Record set Block Start
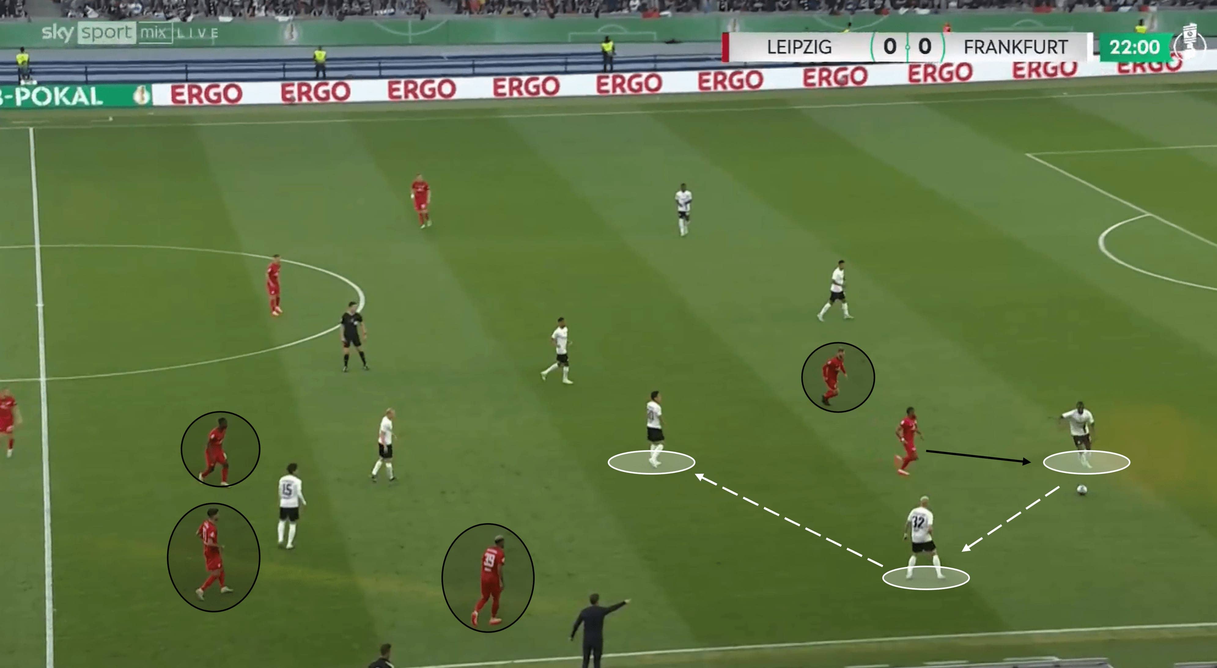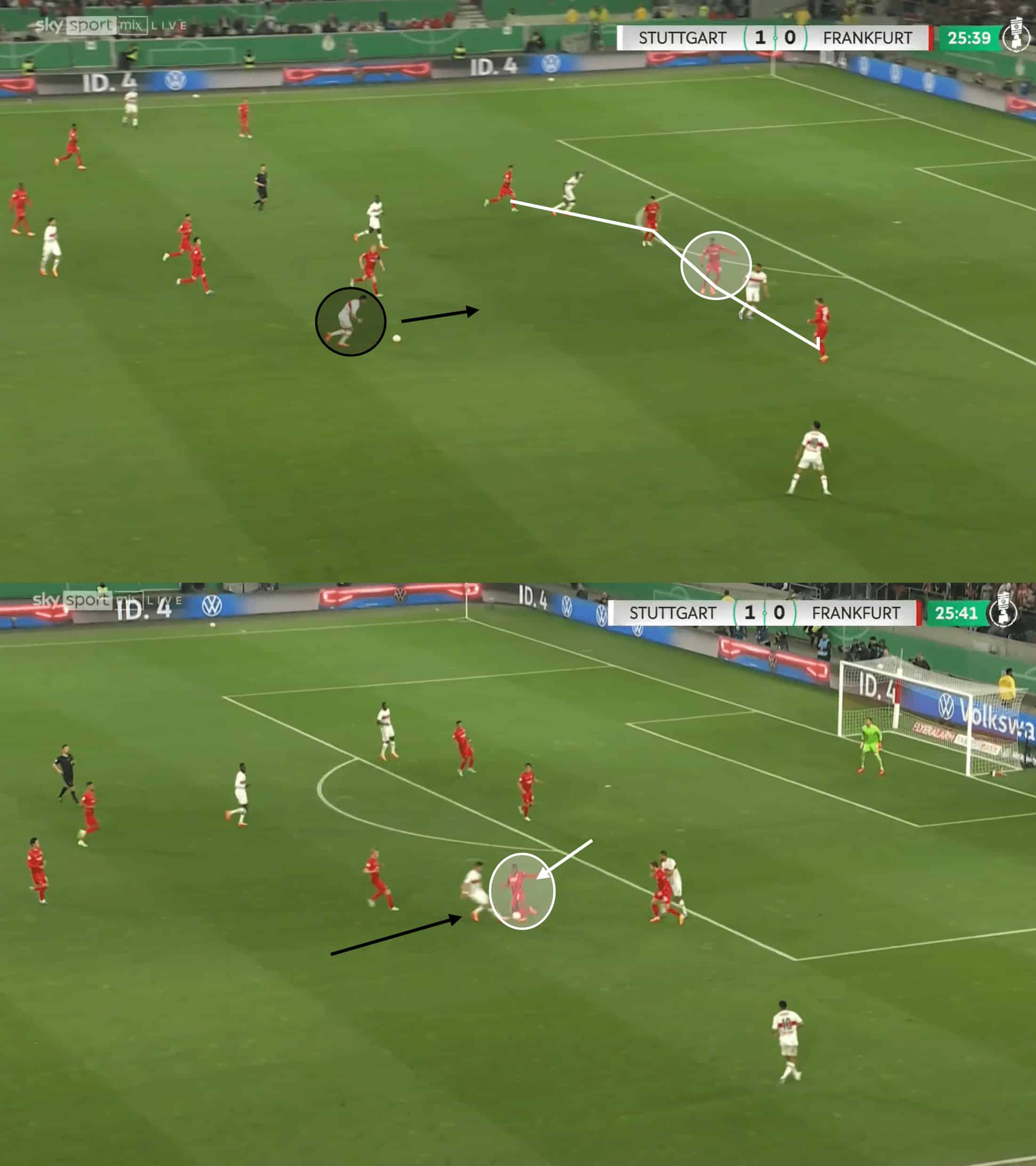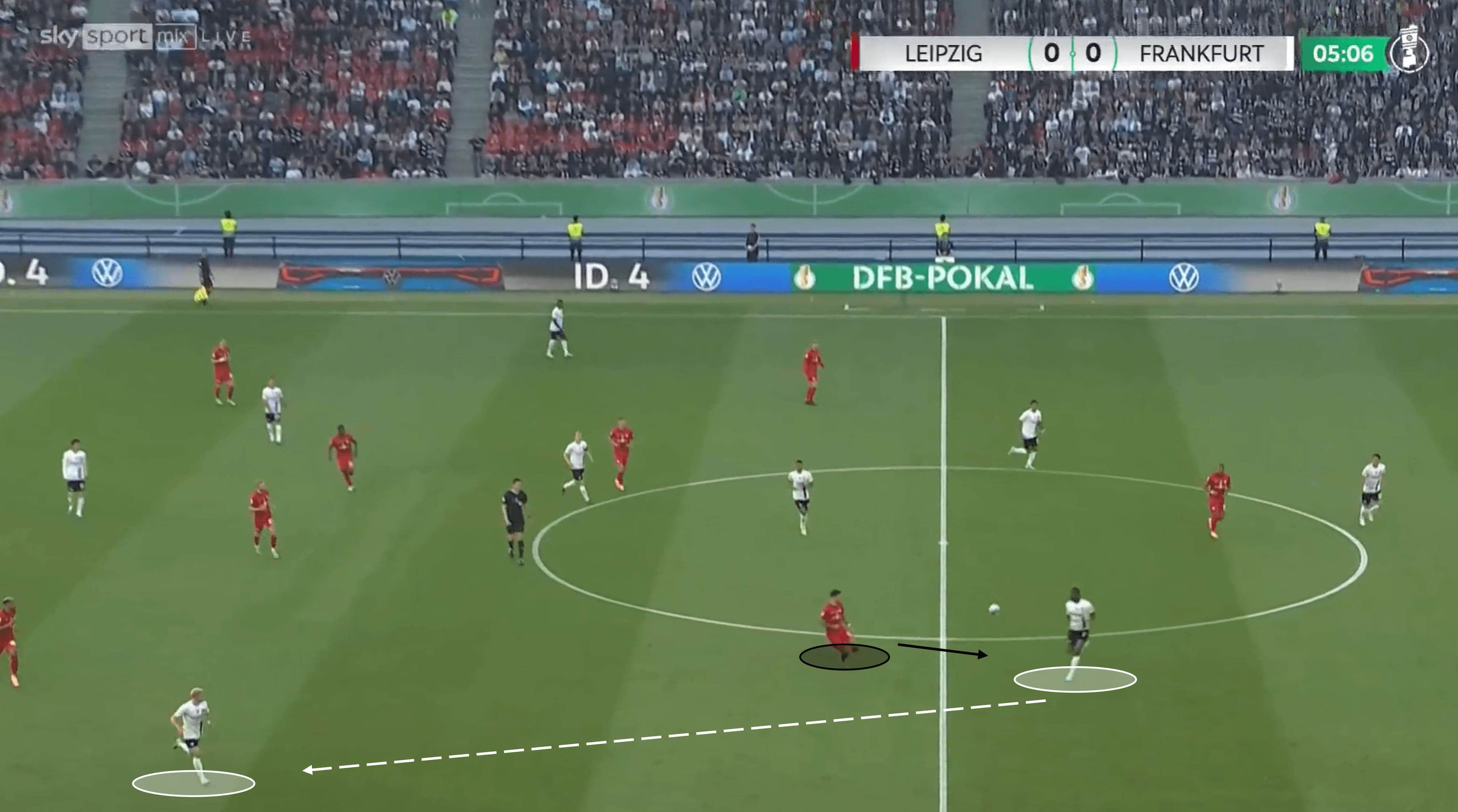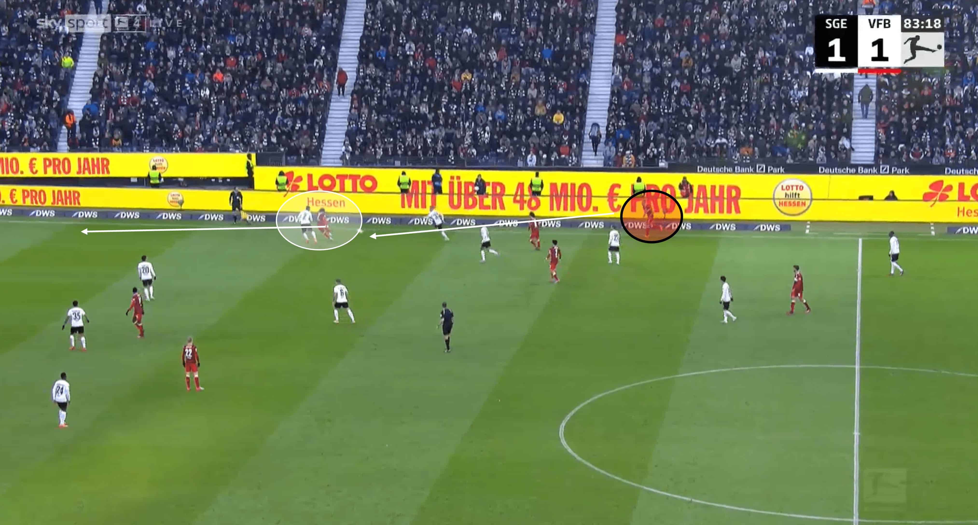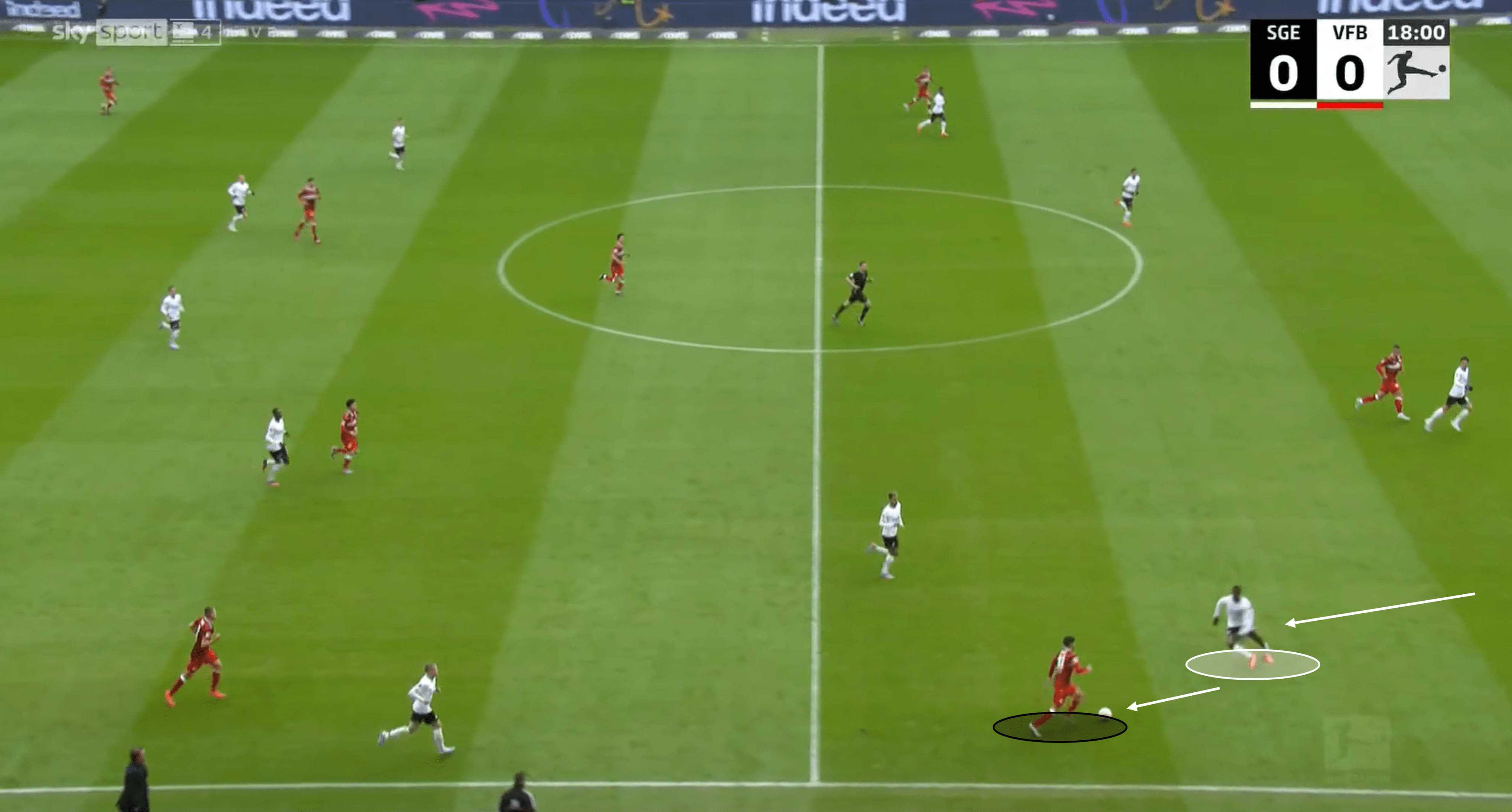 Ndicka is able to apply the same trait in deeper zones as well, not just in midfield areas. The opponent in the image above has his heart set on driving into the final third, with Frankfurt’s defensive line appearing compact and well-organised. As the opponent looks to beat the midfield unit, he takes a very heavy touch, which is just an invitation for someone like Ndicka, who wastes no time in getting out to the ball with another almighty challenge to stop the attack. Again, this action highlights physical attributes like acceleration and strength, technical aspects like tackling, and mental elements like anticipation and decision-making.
Record set Block End
Record set Block Start
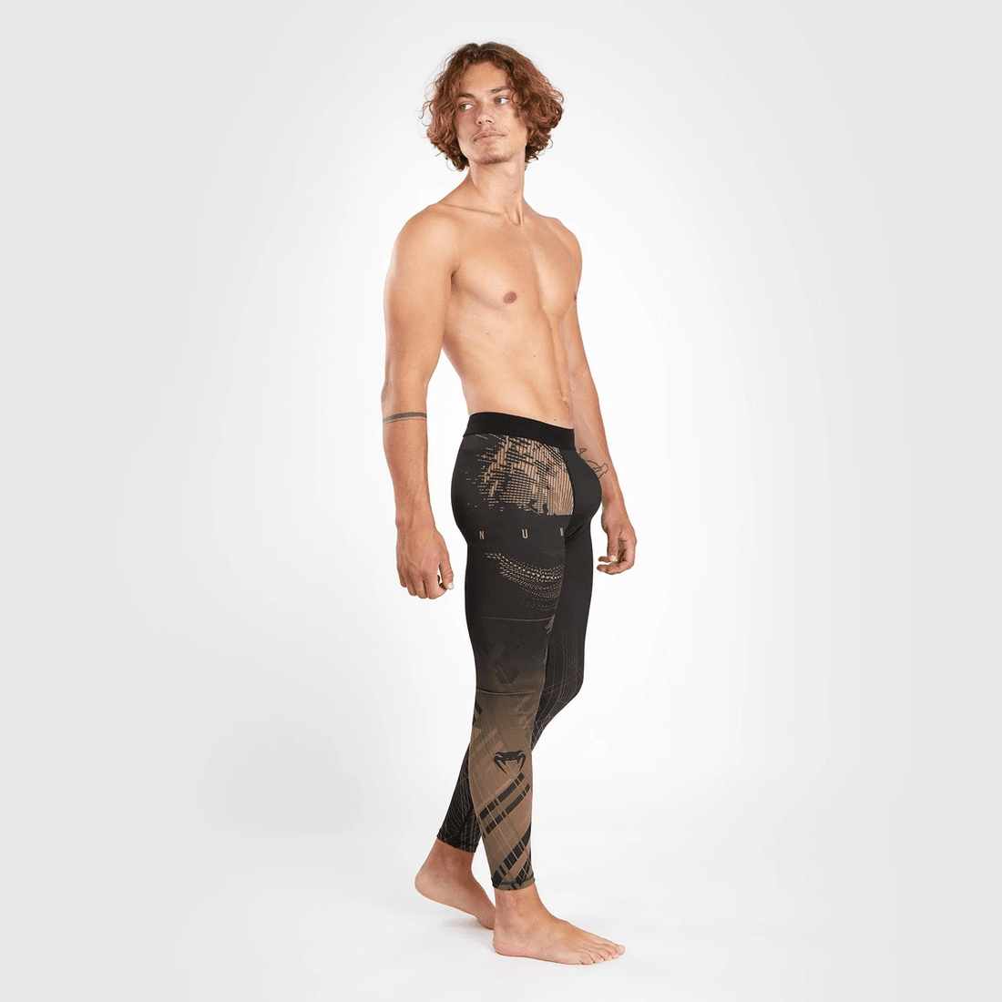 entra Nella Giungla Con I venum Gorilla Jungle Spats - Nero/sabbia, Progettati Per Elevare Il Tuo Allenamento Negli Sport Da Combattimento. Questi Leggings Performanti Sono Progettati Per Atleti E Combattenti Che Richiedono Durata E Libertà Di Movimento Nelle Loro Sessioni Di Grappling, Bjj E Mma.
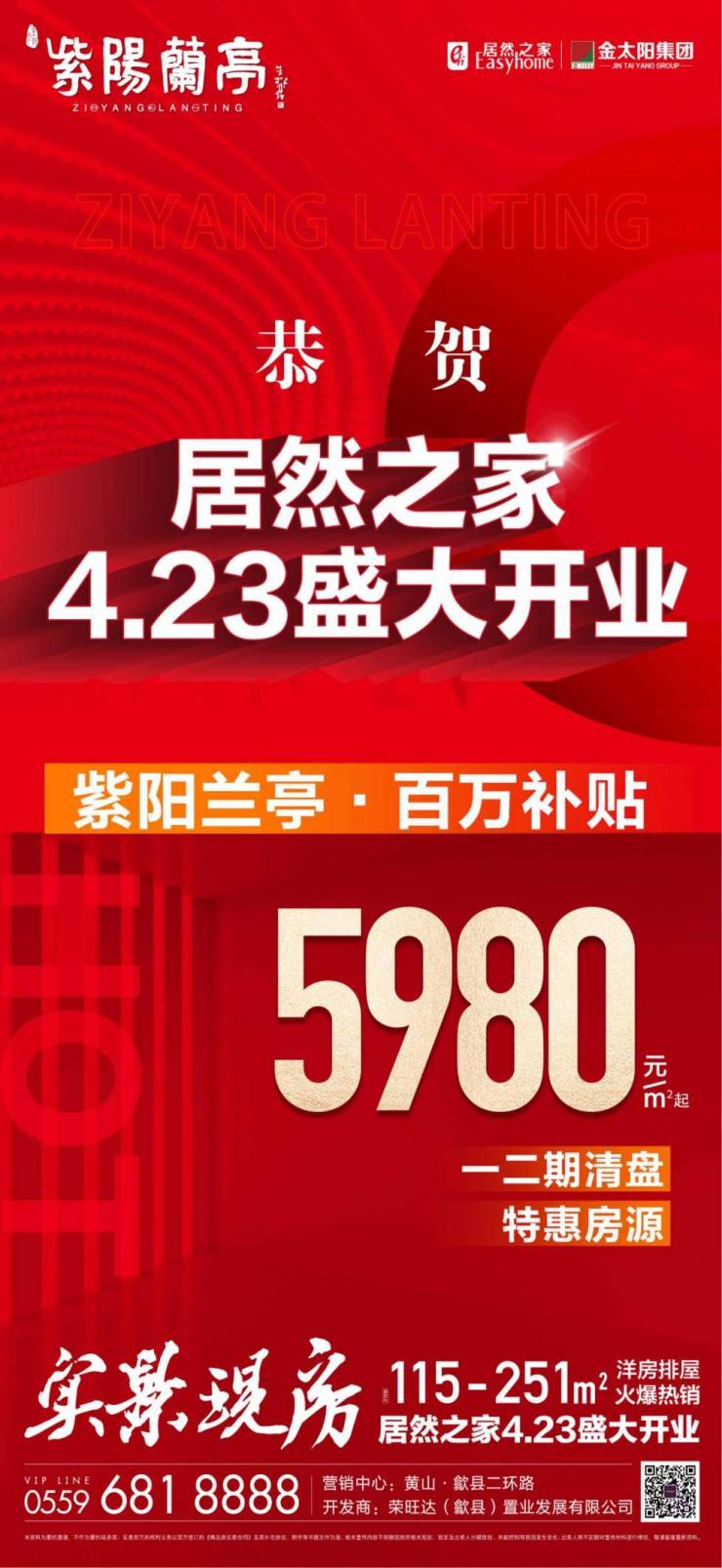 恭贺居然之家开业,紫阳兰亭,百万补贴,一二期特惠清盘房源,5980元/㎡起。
Record set Block End
Record set Block Start
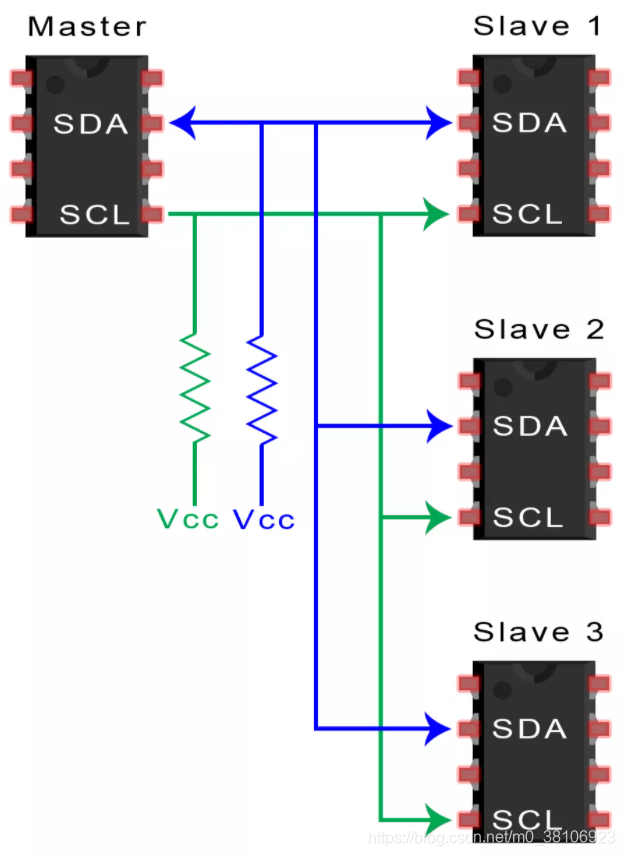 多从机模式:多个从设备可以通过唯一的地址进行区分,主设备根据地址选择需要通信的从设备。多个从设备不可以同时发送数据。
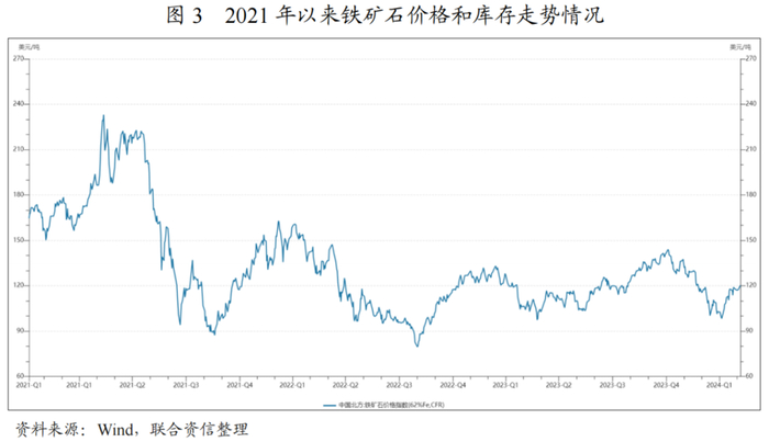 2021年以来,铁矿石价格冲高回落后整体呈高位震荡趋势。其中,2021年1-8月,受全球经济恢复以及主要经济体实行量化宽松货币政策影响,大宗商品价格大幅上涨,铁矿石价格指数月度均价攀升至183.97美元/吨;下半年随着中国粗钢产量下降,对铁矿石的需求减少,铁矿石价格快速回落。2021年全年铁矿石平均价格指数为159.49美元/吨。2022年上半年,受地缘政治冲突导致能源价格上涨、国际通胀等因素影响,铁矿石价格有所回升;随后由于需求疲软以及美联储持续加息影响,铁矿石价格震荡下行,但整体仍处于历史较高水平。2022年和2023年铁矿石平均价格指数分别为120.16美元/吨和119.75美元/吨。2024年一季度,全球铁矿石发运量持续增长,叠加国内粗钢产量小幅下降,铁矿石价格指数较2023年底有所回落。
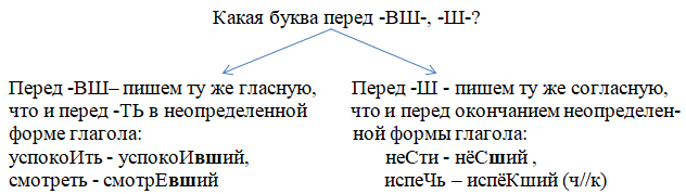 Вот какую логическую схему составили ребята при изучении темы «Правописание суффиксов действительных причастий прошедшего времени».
Record set Block End
Requirement:
Copy only what runs above from the line containing "2021年以来,铁矿石价格冲" through the line containing "Вот какую логическую", exactly. Leave out the pictures.

Answer section:
 2021年以来,铁矿石价格冲高回落后整体呈高位震荡趋势。其中,2021年1-8月,受全球经济恢复以及主要经济体实行量化宽松货币政策影响,大宗商品价格大幅上涨,铁矿石价格指数月度均价攀升至183.97美元/吨;下半年随着中国粗钢产量下降,对铁矿石的需求减少,铁矿石价格快速回落。2021年全年铁矿石平均价格指数为159.49美元/吨。2022年上半年,受地缘政治冲突导致能源价格上涨、国际通胀等因素影响,铁矿石价格有所回升;随后由于需求疲软以及美联储持续加息影响,铁矿石价格震荡下行,但整体仍处于历史较高水平。2022年和2023年铁矿石平均价格指数分别为120.16美元/吨和119.75美元/吨。2024年一季度,全球铁矿石发运量持续增长,叠加国内粗钢产量小幅下降,铁矿石价格指数较2023年底有所回落。
 Вот какую логическую схему составили ребята при изучении темы «Правописание суффиксов действительных причастий прошедшего времени».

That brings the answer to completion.